A concessionária NovaDutra oficialmente assumiu a Via Dutra em 1° de março de 1996, marcando o início da concessão privada nas rodovias federais.[13] A concessão foi iniciada com a execução da recuperação da via, com a substituição de defensas, limpeza no canteiro central, nos bueiros e nos acostamentos, e a restauração das passarelas, com as intervenções sendo realizadas à noite, com o objetivo de reduzir congestionamentos na via.[14]
Em 1° de agosto de 1996, a concessionária iniciou as operações referentes à cobrança de tarifas de pedágio, os quais eram cobrados na ida e na volta.[15][10] As quatro praças de pedágio que iniciaram suas operações estavam localizadas em:
- Guararema, nas proximidades do bairro Parateí, no km 180;
- Pindamonhangaba, nas proximidades do distrito Moreira César, no km 88;
- Itatiaia, no km 318;
- Seropédica, nas proximidades de Viúva Graça, no km 207[16]
Em 1999, as empresas Soares Penido, Andrade Gutierrez e Camargo Corrêa formaram o Grupo CCR, com o objetivo de consolidar as concessões rodoviárias que detinham.

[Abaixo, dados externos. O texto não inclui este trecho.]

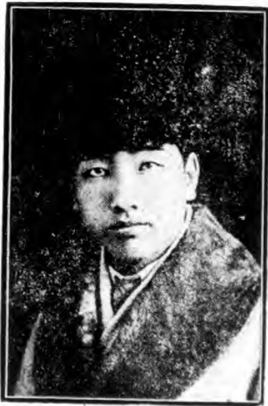
魁步許名二第 (範師平北)

A NovaDutra, junto com as concessionárias ViaLagos, RodoNorte, AutoBAn e Ponte, foram as primeiras cinco empresas a serem incorporadas a holding.[17]
Ao longo da concessão, a CCR NovaDutra foi assinando Termos Aditivos que modificavam determinada cláusula contratual, ou prorrogavam o período de concessão da empresa, com ao todo, tendo 14 TAMs.[18] No dia 25 de fevereiro de 2021, a CCR assinou o 13° Termo Aditivo, cujo motivo foi a impossibilidade de concluir o processo de licitação em tempo hábil para a transição de concessionárias.[19]

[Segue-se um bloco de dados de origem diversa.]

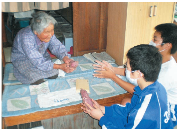
一人暮らし老人宅訪問

もう一つの特色ある教育活動として、地域や郷土を理解し、地域の発展に寄与してくれた人々への感謝の気持ちを育てることを目標として、一人暮らし老人宅訪問を実施しています。生徒は事前に自宅周辺に居住するお年寄りを調べ、自分たちで育て、収穫したサツマイモと手紙を贈ります。また、災害時に生徒が自宅周辺で行うボランティア等の際にも役立つ活動として位置付けています。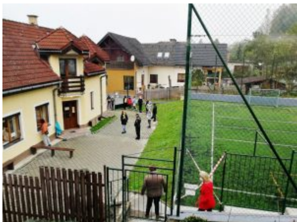
FMA Dolný Kubín

Testovanie na niekoľko dní zjednotilo habit slovenských rehoľníkov

A CCR NovaDutra encerrou sua concessão de forma definitiva no dia 28 de fevereiro de 2022, após o fim da prorrogação do contrato por meio do 13° Termo Aditivo, com a CCR RioSP - a Concessionária do Sistema Rodoviário Rio-São Paulo S.A - assumindo oficialmente a concessão de 352 km da Via Dutra em 1° de março.[5][6]
Prorrogação Contratual e Excedente Tarifário
Prorrogação Contratual
De acordo com o Contrato de Concessão N° PG-137/95-00, a concessão da CCR NovaDutra se encerraria em 28 de fevereiro de 2021,[12] portanto, o leilão para a nova concessão da BR-116/RJ/SP foi adiada em razão de inexistência de tempo hábil para a finalização da nova licitação, segundo a declaração do Grupo CCR.[20]
Em 23 de fevereiro de 2021, a Agência Nacional de Transportes Terrestres aprovou o termo aditivo contratual que estenderia a concessão da BR-116/RJ/SP com a CCR NovaDutra por um período de 12 meses com fundamento no artigo 32 da Lei nº 13.448/2017,[21] que articula o seguinte:
Nos casos em que houver estudo ou licitação em andamento para substituição de contrato em vigor e não haja tempo hábil para que o vencedor do certame assuma o objeto do contrato, o órgão ou a entidade competente fica autorizado a estender o prazo do contrato, justificadamente, por até 24 (vinte e quatro) meses, a fim de que não haja descontinuidade na prestação do serviço.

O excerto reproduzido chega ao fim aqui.